Control of Climate
Climatic controls are those factors of the atmosphere that causes different weathers and climates over the surface of the Earth
Latitude is a geographic coordinate that specifies the north-south position of a point on the Earth's surface. Latitude is an angle which ranges from 0° at the Equator to 90° (North or South) at the poles. Latitude is the distance of a location from the equator
The hottest temperatures on Earth are found near the equator. This is because the sun shines directly on it for more hours during the year than anywhere else. As you move further away from the equator towards the poles, less sun is received during the year and the temperature become colder
Depending on the latitude of a location determines the amount of sunlight that a location receives. The higher your latitude the less sunlight you will receive throughout the year, and the cooler will be your climate
There is great imbalance between latitude and heat balance
Longitude is a geographic coordinate that specifies the east-west position of a point on the Earth's surface. It is an angular measurement, usually expressed in degrees and denoted by the λ.

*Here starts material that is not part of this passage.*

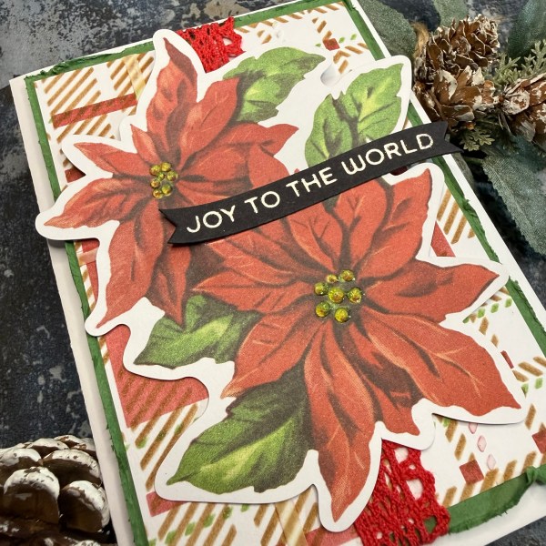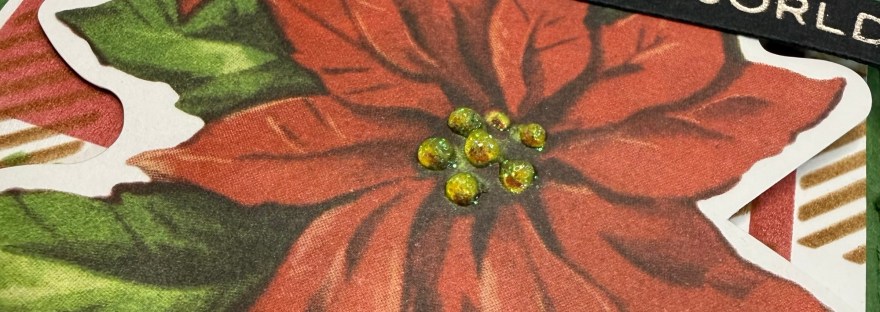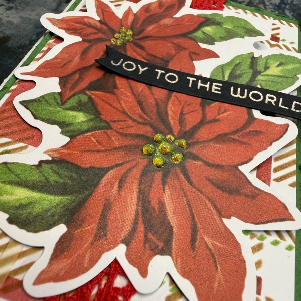 I kept changing my mind on the focal point but decided eventually on the poinsettia and to add to them I added glitter glue to the flower centres.
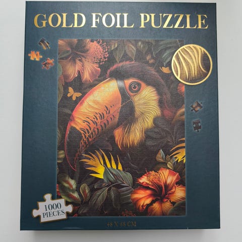 Gold Foil Puzzle puslespill med 1000 brikker og motiv av papegøye.

By convention, one of these, the Prime Meridian, which passes through the Royal Observatory, Greenwich, England, was allocated the position of zero degrees longitude. The longitude of other places is measured as the angle east or west from the Prime Meridian, ranging from 0° at the Prime Meridian to +180° eastward and −180° westward
Altitude is the difference in the vertical height of the atmosphere. Altitude is the height you are above sea level
Altitude controls temperature and pressure density. The higher up you are the lower the temperature will be. The temperature decreases with altitude and this temperature phenomena is known as the Lapse Rate. The air that is higher altitudes is less dense than it is at lower altitudes and air temperature depends on its density
The normal lapse rate is 6.5°C per km (Memory test : what is the value of DALR ?? (Air Pollution))
The rate of decrease of pressure with altitude is not constant
Different types of clouds are found at different altitudes which controls different types of precipitation
The pressure at any level in the atmosphere may be interpreted as the total weight of the air above a unit area at any elevation. At higher elevations, there are fewer air molecules above a given surface than a similar surface at lower levels.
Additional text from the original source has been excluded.